Paul Valéry, recordando sus conversaciones con Stéphane Mallarmé, se lamentaba de que la facilidad de lectura fuera la norma desde que, con el reinado de la prisa, “todo el mundo tiende a no leer más que aquello que todo el mundo podría escribir”, porque a él solo le incitaban los libros que ofrecían resistencia. La querella entre fáciles y difíciles (o, con tosca simplificación, entre realistas y experimentales) tiene entre nosotros un lance famoso en la polémica, en 1970, entre Isaac Montero y Juan Benet. Sin embargo, en ese pugilato Benet no golpeaba en nombre de toda la vanguardia (Joyce era para él un costumbrista) ni de toda la neovanguardia (que tendía a despreciar, sobre todo la de ascendencia francesa), sino de la autonomía de la literatura frente a las servidumbres morales o políticas, lo que para él significa la primacía de la elocución, la construcción de un estilo. Era un ejemplo de lo que Roland Barthes llamó écrivain, alguien “que absorbe el porqué del mundo en un cómo escribir”, cuya escritura es intransitiva, frente a la transitividad del écrivant, siempre al servicio de un fin (ideológico, didáctico…) más allá del lenguaje. La cosa estaba clara: o literatura tout court o escritura mostrenca; o se era escritor o escribidor. Pronto las leyes del mercado ablandarían esa jerarquía y él podría haber sido tildado de Mr. Difficult, como lo hizo Jonathan Franzen con William Gaddis en 2002 desde las páginas de The New Yorker.

El delito de Gaddis, del que veía la luz su novela póstuma Agapē Agape (traducida con el palíndromo Ágape se paga), había consistido en no aceptar que el escritor actual debe entretener a sus lectores compitiendo con otros entretenimientos más seductores, como las teleseries o los videojuegos. El tipo de literatura abstrusa e inaccesible que le atribuía era un tiro en el pie de la industria del libro en un escenario en el que la palabra luchaba por sobrevivir. Para Franzen, Gaddis encarnaba al anacrónico escritor de Estatuto, para el que el valor de la obra es independiente del aprecio de los lectores, mientras que el escritor de Contrato, que él propugna y representa, asume el deber de absorber y emocionar al lector ayudándolo así a soportar su soledad existencial… Las réplicas no se hicieron esperar y quizá la más entonada y ácida fue la de Ben Marcus en el ensayo Por qué la literatura experimental amenaza con destruir la edición, a Jonathan Franzen y la vida tal y como la conocemos (Jekyll & Jill), traducido en 2018 por Rubén Martín Giráldez, que añadió de su cosecha unos espléndidos “pinitos de pedantería” en el epílogo.
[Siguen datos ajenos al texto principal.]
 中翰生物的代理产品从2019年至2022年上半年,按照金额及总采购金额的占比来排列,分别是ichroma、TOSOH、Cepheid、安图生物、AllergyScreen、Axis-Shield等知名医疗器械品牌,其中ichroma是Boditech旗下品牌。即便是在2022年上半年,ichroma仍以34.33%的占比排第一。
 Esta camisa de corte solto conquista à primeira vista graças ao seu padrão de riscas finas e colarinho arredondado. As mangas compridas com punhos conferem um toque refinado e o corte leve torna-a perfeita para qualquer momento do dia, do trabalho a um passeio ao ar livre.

Sus argumentos son inapelables; no hay un único modo de representar la realidad, la literatura es el arte del lenguaje, el arte no puede abjurar de la búsqueda y acomodarse a las convenciones… Pero no cambian el hecho tozudo de que calificar hoy a un escritor de experimental equivale a decir que su obra “no es relevante, que no es legible y que es agresivamente masturbatoria”. Es un baldón.
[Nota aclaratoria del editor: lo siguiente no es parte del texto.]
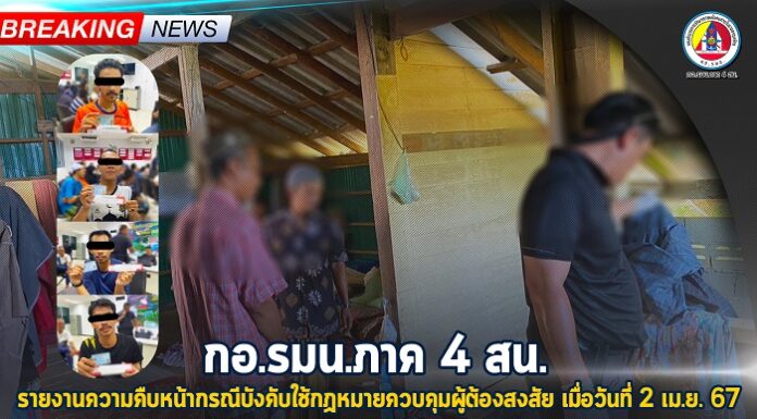 กอ.รมน.ภาค 4 สน. รายงานความคืบหน้ากรณีบังคับใช้กฎหมายควบคุมผู้ต้องสงสัย จำนวน 2 คน เมื่อวันที่ 2 เม.ย. 67 จากเหตุปล้นรถยนต์บริษัทหาดทิพย์ พื้นที่ อ.จะแนะ และปล้นทรัพย์ร้านอัครวัสดุภัณฑ์ อ.ระแงะ จ.นราธิวาส (เมื่อวันที่ 11 มี.ค. 67)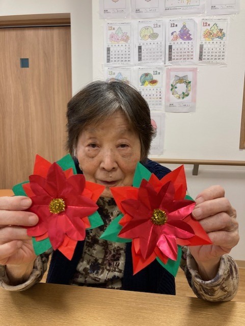 ホームでは少しでもクリスマス気分を盛り上げるために2週間前くらいから飾りつけや作品を作ってきましたよ!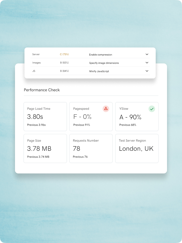 Run performance checks that provide detailed info on load times and component activity, as well as recommendations for improvements.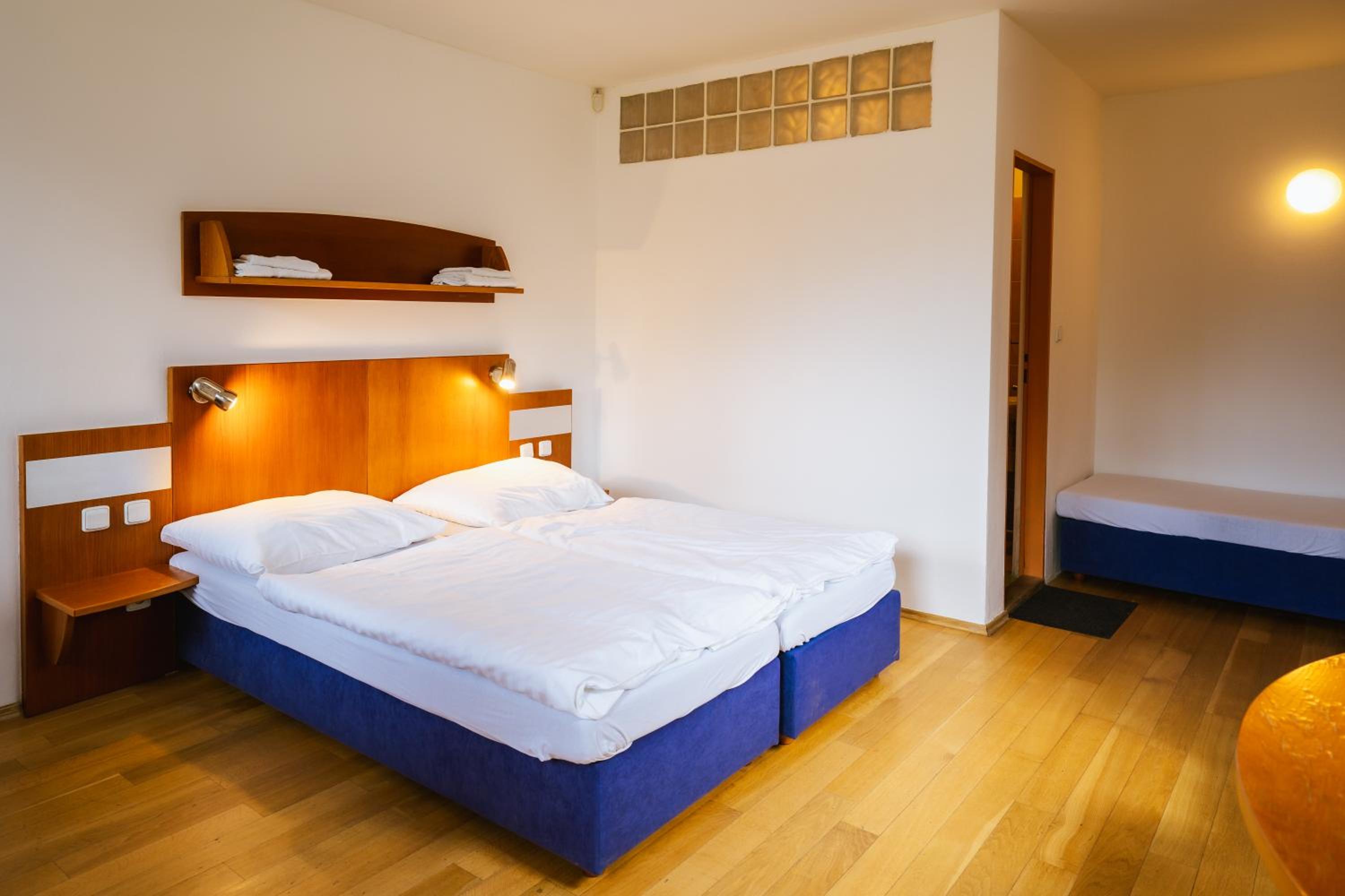 Byla jsem ubytovaná s pejskem na jednu noc, jde o bungalovy ve sportovním areálu. I když mrzlo, na pokoji bylo teplo, snídaně výborná, dostatečný výběr, na recepci příjemný personál. V pokoji je malá lednice, bohužel chybí varná konvice. Pejsek je ubytován za poplatek 200,- Kč na noc.

Y, sin embargo, con el experimentalismo de capa caída, cabe preguntarse por su indudable pervivencia. ¿Se mantendrá como una práctica secreta y conspirativa, como una iglesia mistérica cuyos fieles, diseminados por el mundo, cultivan y comparten, como autores y lectores, un empecinado culto al lenguaje? En 2004, el argentino Damián Tabarovsky defendió con vehemencia una experimentación literaria radical, ajena al público, sin más red protectora que el “deseo loco de novedad” y dirigida al lenguaje. Una literatura fuera del mercado, lejos de las universidades, cuyo único mundo sea “el buceo del lenguaje” y que habría de instituir una comunidad imaginaria, invisible e inconfesable, la comunidad inoperante de la literatura. Esta comunidad rechazaría el principio de comunicación, el instinto gregario, el impulso polémico, y estaría formada por un conjunto de soledades. Llamó literatura “de izquierdas” a la que desquicia y hace delirar el lenguaje (como Larva), a la que no da a creer nada ni impone un sentido, la que desestabiliza las creencias y transforma la incertidumbre en fortaleza. En definitiva, la que engendra dentro de la lengua una lengua extranjera, como dijo Deleuze haciéndose eco de Proust.

El escritor Julián Ríos, en una imagen de 1984.
El escritor Julián Ríos, en una imagen de 1984. MANUEL ESCALERA

El estatuto actual del experimentalismo es el del espectro: está muerto pero sigue entre nosotros, una pervivencia en la que el propio Tabarovsky insistió en El fantasma de la vanguardia (2018): aunque ese fantasma no responda cuando se le interroga, su mera posibilidad (su haber existido) lo vuelve indispensable en el quebradizo futuro de la literatura. Esa es sintomáticamente la convicción que subyace a dos ensayos recientes: ¿Qué será la vanguardia?, de Julio Premat, y La vanguardia permanente, de Martín Kohan.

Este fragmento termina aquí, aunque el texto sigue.